The Hellfire Club(11)



“With respect, sir, it wasn’t a stunt,” Charlie said. “Houdini did stunts. The Wallendas do stunts. I took a stand.”

Kefauver narrowed his eyes, and when he spoke again his voice had lost a degree of its earlier warmth, though he was still making an effort to sound casual. “Well, now, that’s a matter of interpretation, I suppose.” He smiled, but there was no humor in his eyes. “Imagine that you’re a committee chairman who’s been here for decades, and some little pissant”—he saw Charlie about to object, so he amended his statement—“some freshly appointed congressman whom you perceive to be a nuisance comes along and objects to millions of dollars you’ve procured for an American company that provides thousands of jobs in congressional districts all around the nation,” Kefauver said.

“Right, I get that,” Charlie said.

“Those jobs belong to voters who are, of course, the ones who send us here,” Kefauver said. “They’re our bosses.”

“And surely our bosses would object to giving money to war profiteers who provided shoddy goods, risking and even costing the lives of our men,” Charlie said. “This is a fight I didn’t seek, sir, but to be frank, I’m stunned that any of my colleagues in Congress would challenge me on it.”

“Well, Charlie, I’m talking about the chairman of the committee and some others in leadership, and I’m quite certain they don’t think of you as a colleague. But of course you should fight for what you think is right. That’s an admirable trait, and too few of us possess it. Just know that this town isn’t built to reward it.”

“I’m starting to get that impression,” Charlie said.

Kefauver looked down at his glass. Charlie felt obliged to fill the slightly prickly silence.

“W. C. Fields,” Charlie said. “‘Always carry a flagon of whiskey in case of snakebite, and furthermore always carry a small snake.’”

Kefauver smiled. “What else shall we drink to?”

“To a real leader at the top of your party’s ticket two years from now,” Charlie said. Clink, clink. Kefauver downed the entire glass in one easy gulp.

The door to the conference room opened without warning and an older man walked in. His jowls sagged like a mastiff’s. Behind him stood one of the senator’s aides, who apparently had been trying to politely prevent the man from bursting in unannounced. Kefauver waved the aide off.

“Why, hello, Doctor,” Kefauver said, standing and extending a hand. “Congressman Marder, may I present Dr. Fredric Wertham.”

“It’s very nice to meet you, sir,” Charlie said, following Kefauver’s lead and standing to shake the doctor’s hand.

“This is the young congressman I told you about, Fredric,” Kefauver said. “His father and I are old friends.” He motioned for both men to sit down. “Charlie, I assume you’re acquainted with the groundbreaking psychiatric work Dr. Wertham has done at Bellevue and his philanthropic work with the colored people of your home city. The Lafargue Clinic—did I pronounce the name correctly, Doctor?”

“We’re in Harlem,” Wertham said, ignoring the question. “I set up the clinic just after the war, a project with Richard Wright and some others.
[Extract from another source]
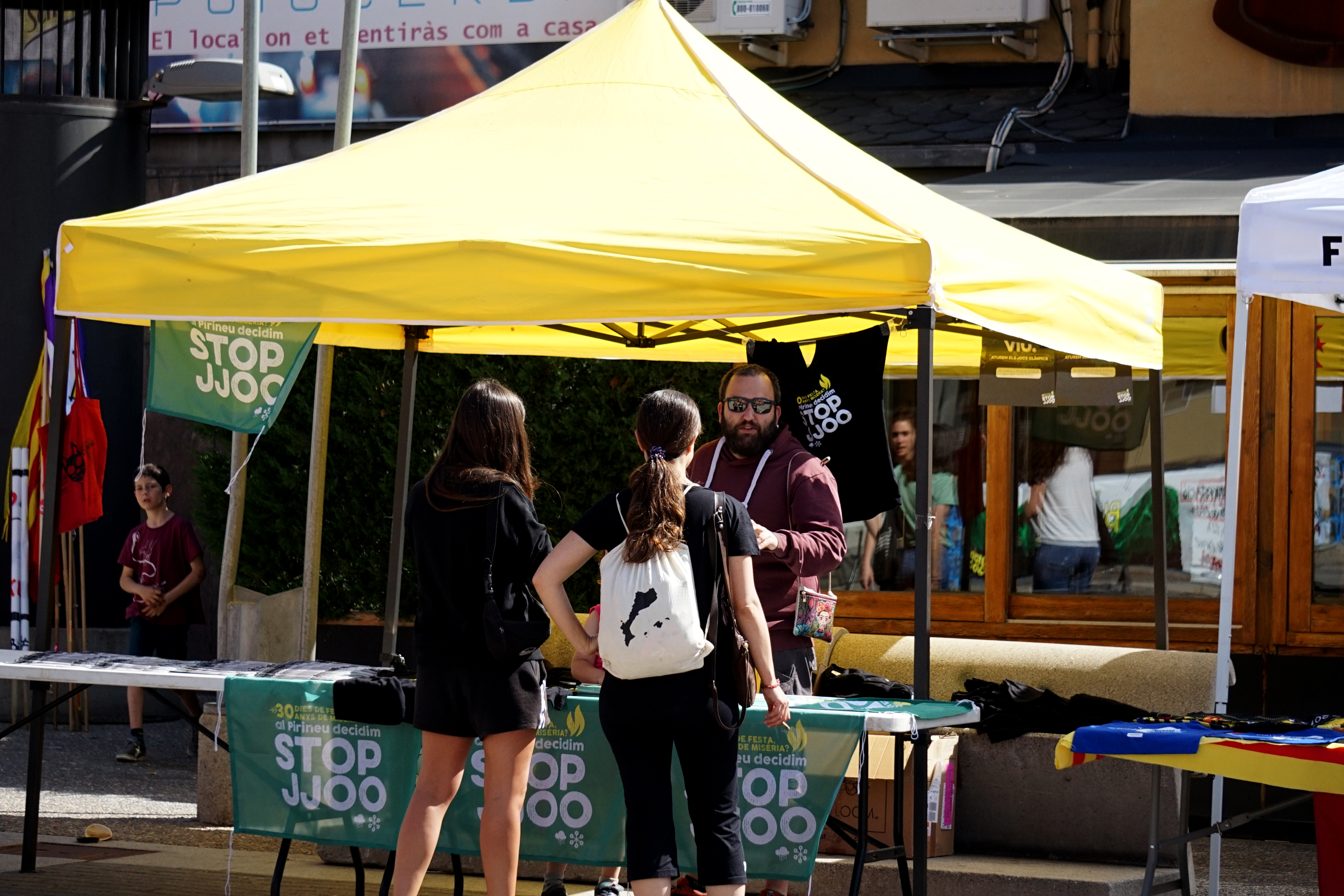 Durant el matí, la venda de domassos i samarretes contra els JJOO és un degoteig

You know Wright, I assume?”

“The writer?” asked Charlie.

“Of course,” snapped Wertham, as if it had been glaringly obvious that the only Richard Wright he might know would be the author of the acclaimed Native Son.
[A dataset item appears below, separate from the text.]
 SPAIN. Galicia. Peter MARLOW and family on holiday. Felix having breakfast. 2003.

“Well, it’s not an uncommon name,” Charlie couldn’t help observing. “Anyway, I don’t personally know him, but the book was haunting. Could have done without the stage adaptation.”
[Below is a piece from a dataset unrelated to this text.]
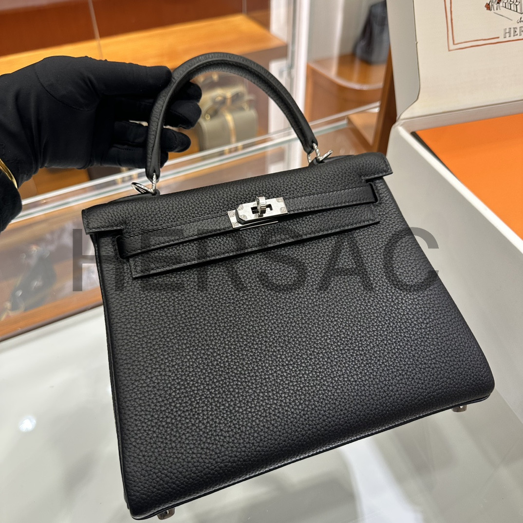 Hermes Kelly 25 Togo Noir Silver

“On that we are in agreement.” Wertham softened a bit. “In any case, Richard and I established a mental-hygiene clinic for the good people of Harlem who are unable to afford psychiatric care, not only because of the unjust capitalist system that keeps them impoverished but also because most psychiatric institutions do not admit Negroes.”

Wertham’s face had turned pink and his voice was rising. “How are we to solve the problem of crime in New York City without addressing the psychiatric needs of the very underclass committing the crimes!” He was only about three feet away from Charlie, close enough for Charlie to identify the smell on the gust of bad breath he exhaled. Tuna fish.

There was an uncomfortable silence, one Charlie filled when he suddenly remembered the first time he’d heard Wertham’s name.

“Correct me if I’m wrong,” Charlie said, “but weren’t you part of the defense in Albert Fish’s trial?”

Albert Fish was a child molester, a murderer, and a cannibal. He had been executed in 1936, when Charlie was sixteen.

“Yes, I testified in that trial,” Wertham said to Charlie. “What a travesty. The jury did not care in the slightest that Mr. Fish had no control over himself. His illness was just as real as if he’d had a tumor rotting his brain. And yet they punished him for his disease. The twelve boors on that jury had bloodlust just as bad as Mr. Fish’s—but their taste for flesh was the kind that society deems socially acceptable.”

“My father was on the defense team,” Charlie said. “Winston Marder?” Wertham looked at him blankly. “Anyway, admirable work for the people of New York,” Charlie said. “How can I help? What can I do?”